Your answer should consist only of the records, copied exactly, with the images removed.

(Collection entries)
- Opening Delimiter -
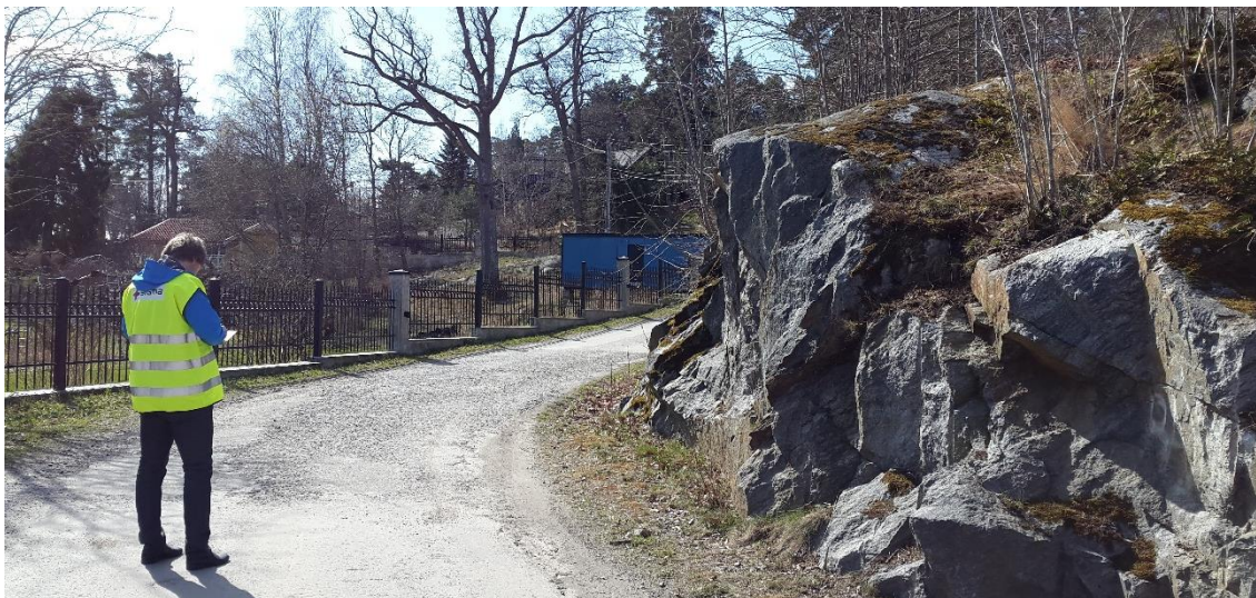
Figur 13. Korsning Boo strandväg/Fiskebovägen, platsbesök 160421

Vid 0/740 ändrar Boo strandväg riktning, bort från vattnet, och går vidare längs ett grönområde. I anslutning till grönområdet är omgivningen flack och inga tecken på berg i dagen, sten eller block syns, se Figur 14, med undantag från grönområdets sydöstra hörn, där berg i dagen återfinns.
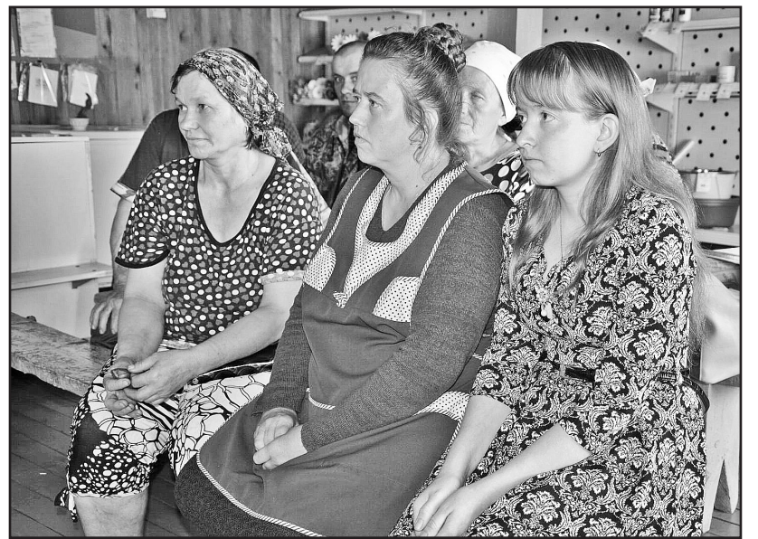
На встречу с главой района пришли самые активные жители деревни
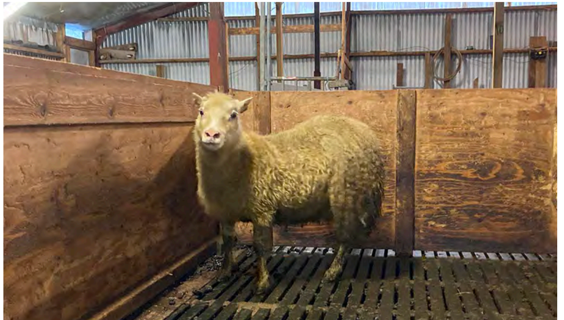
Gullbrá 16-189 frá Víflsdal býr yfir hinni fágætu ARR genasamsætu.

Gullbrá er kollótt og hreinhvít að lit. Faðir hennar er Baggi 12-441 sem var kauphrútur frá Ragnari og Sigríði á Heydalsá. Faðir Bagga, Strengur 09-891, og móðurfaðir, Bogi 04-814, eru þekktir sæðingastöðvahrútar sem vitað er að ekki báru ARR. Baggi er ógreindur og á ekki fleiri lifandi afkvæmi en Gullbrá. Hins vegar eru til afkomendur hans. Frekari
- Closing Delimiter -
◆ FINISHED TASK:
Figur 13. Korsning Boo strandväg/Fiskebovägen, platsbesök 160421

Vid 0/740 ändrar Boo strandväg riktning, bort från vattnet, och går vidare längs ett grönområde. I anslutning till grönområdet är omgivningen flack och inga tecken på berg i dagen, sten eller block syns, se Figur 14, med undantag från grönområdets sydöstra hörn, där berg i dagen återfinns.
На встречу с главой района пришли самые активные жители деревни
Gullbrá 16-189 frá Víflsdal býr yfir hinni fágætu ARR genasamsætu.

Gullbrá er kollótt og hreinhvít að lit. Faðir hennar er Baggi 12-441 sem var kauphrútur frá Ragnari og Sigríði á Heydalsá. Faðir Bagga, Strengur 09-891, og móðurfaðir, Bogi 04-814, eru þekktir sæðingastöðvahrútar sem vitað er að ekki báru ARR. Baggi er ógreindur og á ekki fleiri lifandi afkvæmi en Gullbrá. Hins vegar eru til afkomendur hans. Frekari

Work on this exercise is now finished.